• The City Owns “Tavern on the Green”

    by  • March 13, 2010 • trademark

    You just can’t trust your readership.  When the City of New York first claimed that it owned the name of the landmark New York City restaurant “Tavern on the Green,” I posted a poll asking readers’ opinion.  The result from the many, many voters (15) was resoundingly in favor of the restaurant.

    We were wrong, according to the District Court for the Southern District of New York.  The court decided the ownership dispute in favor of the City, so the only true “Tavern on the Green” will stay in Central Park.

    The court tells us that in 1934 the City hired an architect to turn an 1870’s sheepfold into a restaurant, hired a concessionaire, and opened the restaurant in October of that year.  Over the years a series of concessionaires ran the facility and the City paid for a substantial part of the renovations during that time.  The defendant Tavern on the Green, L.P. (referred to in the decision as Debtor, since the decision is related to a bankruptcy proceeding) had been operating the restaurant since 1973.  The relationship was governed by two agreements, from 1973 (amended in 1976) and 1985.  Both were styled as “licenses,” although neither addressed trademark ownership directly other than to allow the restaurant owner to change the name with the City’s permission. (The new operator was also owner of the famous Maxwell’s Plum, a name that at the time might have overshadowed Tavern on the Green in fame.)

    The City’s greatest hurdle was that the restaurateur owned an incontestable registration for “Tavern on the Green,” giving it exclusive rights to the trademark.  This meant that, under Lanham Act § 15, 15 U.S.C. § 1065 (2006), the City had to demonstrate that it was a prior user of the mark.  Turns out it was fairly easily done:
     

    The evidence shows that the City established the restaurant well over thirty-five years prior to the Debtors’ use and registration. The City chose the name and each concessionaire and made significant investments to ensure the success of the restaurant –- such that “Tavern on the Green” was closely associated in the public mind with a building owned by the City and located in New York’s Central Park.
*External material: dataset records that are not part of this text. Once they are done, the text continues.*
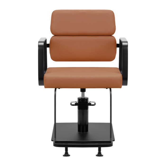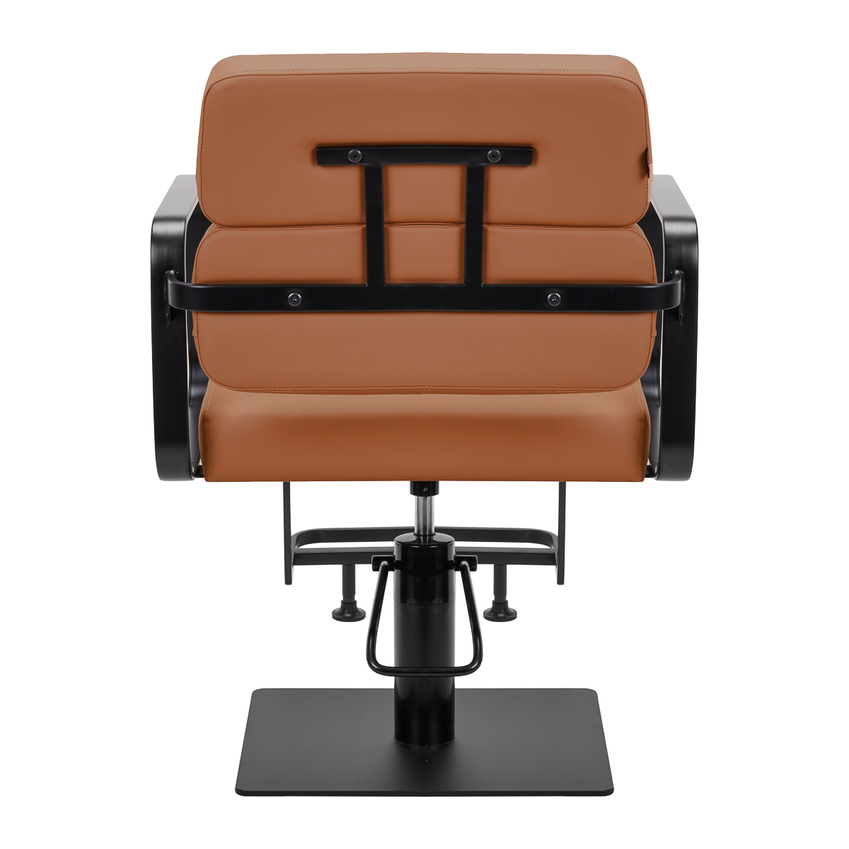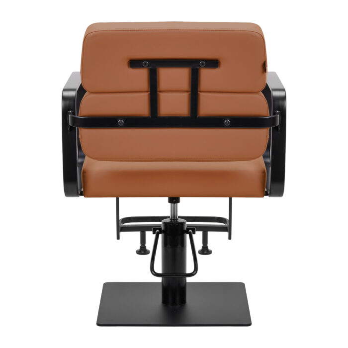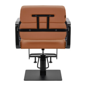 Trwały podnośnik hydrauliczny pozwala dostosować poziom siedziska w granicach 49-61 cm – nawet w momencie, gdy klient siedzi na fotelu. Zapewnia bardziej ergonomiczną pracę, umożliwiając dopasowanie poziomu siedziska do wzrostu zarówno klienta, jak i fryzjera. Ciekawe wizualnie oparcie pozwala na zajęcie dogodnej pozycji, zapewniając doskonałe wsparcie pleców, co ma znaczenie zwłaszcza w przypadku wielogodzinnych zabiegów. Dużym plusem tego modelu jest otwór pozostawiony pomiędzy oparciem a siedziskiem. Ułatwia on zachowanie czystości w salonie, pozwalając w łatwy sposób wymieść włosy z każdego zakamarka fotela. Pozwala to usprawnić przygotowanie stanowiska pracy pomiędzy klientami.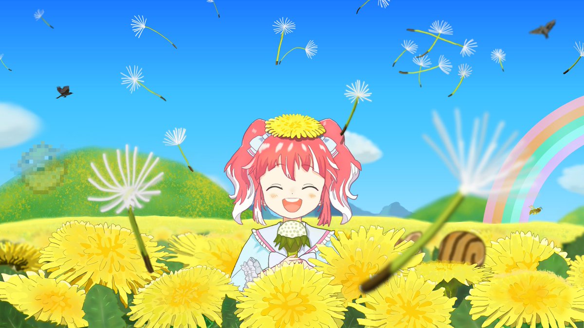 『花奏かのん、飛ぶ』 十日遅れの記念イラストです 新衣装でのさらなる飛躍を祈って、新衣装カラーのメー○ェでマイクラスタジアムの上を飛行するイメージで描きました (ちなみにマフラーは「飛んでる間、寒くないように!🌸🐿」と天使が借してくれたそうな) #かなでかのんアート #花奏かのん誕生日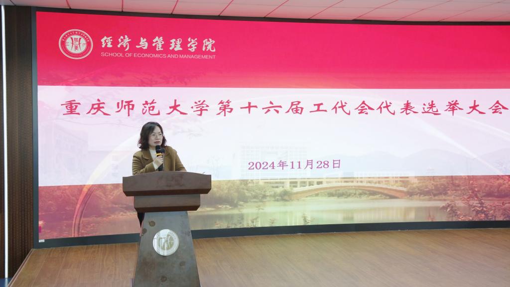 全体教职工会议暨重庆师范大学第十届教代会代表选举大会。学院党委书记钟敏、执行院长郑景丽、副院长陈宇科、段俊与全体教职工出席本次会议。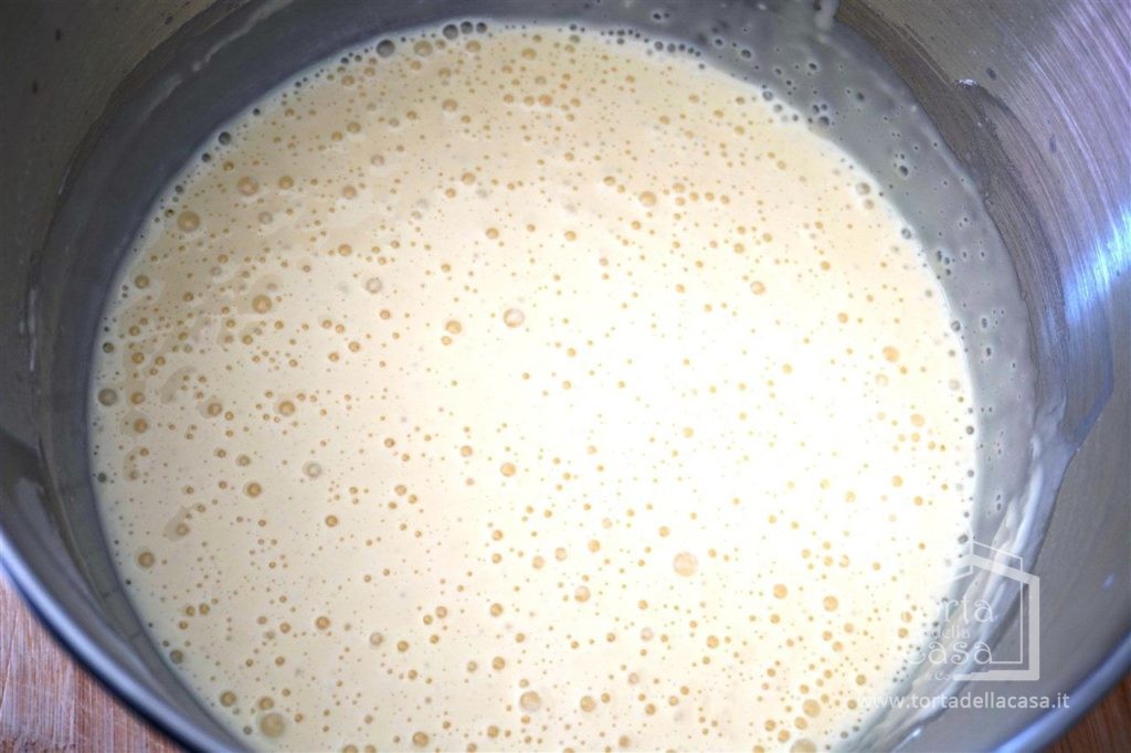 In un recipiente versate tutti gli ingredienti liquidi: uova, latte, acqua.

    But the use not only has to start first, it has to be continuous.  The parties disputed whether a two year period of closure for renovations (when the defendant took over) meant there wasn’t continuous use.  The court, rightly, held that this was not a sufficient break.  What no one touched, though, was how the City could have had continuous use during the defendant’s occupation of the premises.  To find that the City had continuous use presupposes that the defendant was a mere licensee whose use inured to the benefit of the City, the very fact disputed.  It’s the right outcome, but a foundation for it (tolling, perhaps) would be nice.

    What about consumer perception, though?  My informal poll, although not at all representative, demonstrates that consumer perception might be different.  The court merely assumes consumer perception: “‘Tavern on the Green’ has become a famous name associated in the public mind with a restaurant in a City building located in New York’s Central Park.”  But is it?  Where’s the evidence of the public perception?  There was none; instead, the court reached its conclusion based solely on the history and the agreements between the parties.

    Mind you, I don’t disagree with the outcome.  It should be exceedingly difficult to appropriate another’s trademark for one’s own. It was the City’s trademark before this particular operator started running the restaurant, and vaguely worded licensing and the unilateral act of registration shouldn’t be enough to defeat the City’s ownership.  It is an interesting question, though – this owner had run the restaurant for over 30 years, so few would remember any earlier iteration of the services offered there.  What are appropriate circumstances when consumer perception should be more material?

    The court also cancelled the registration for fraud, likewise an easy call:

    That the 1973 Agreement is not explicitly labeled a trademark license agreement does not alter the fact that LeRoy acknowledged the City’s right to the trade name “Tavern on the Green” in the Agreement and knew that his venture was merely one in a succession of operators of the restaurant. Accordingly, the undisputed facts establish that LeRoy deliberately attempted to mislead the PTO about his status as the licensee of “Tavern on the Green,” and the Debtors’ restaurant services mark must be canceled.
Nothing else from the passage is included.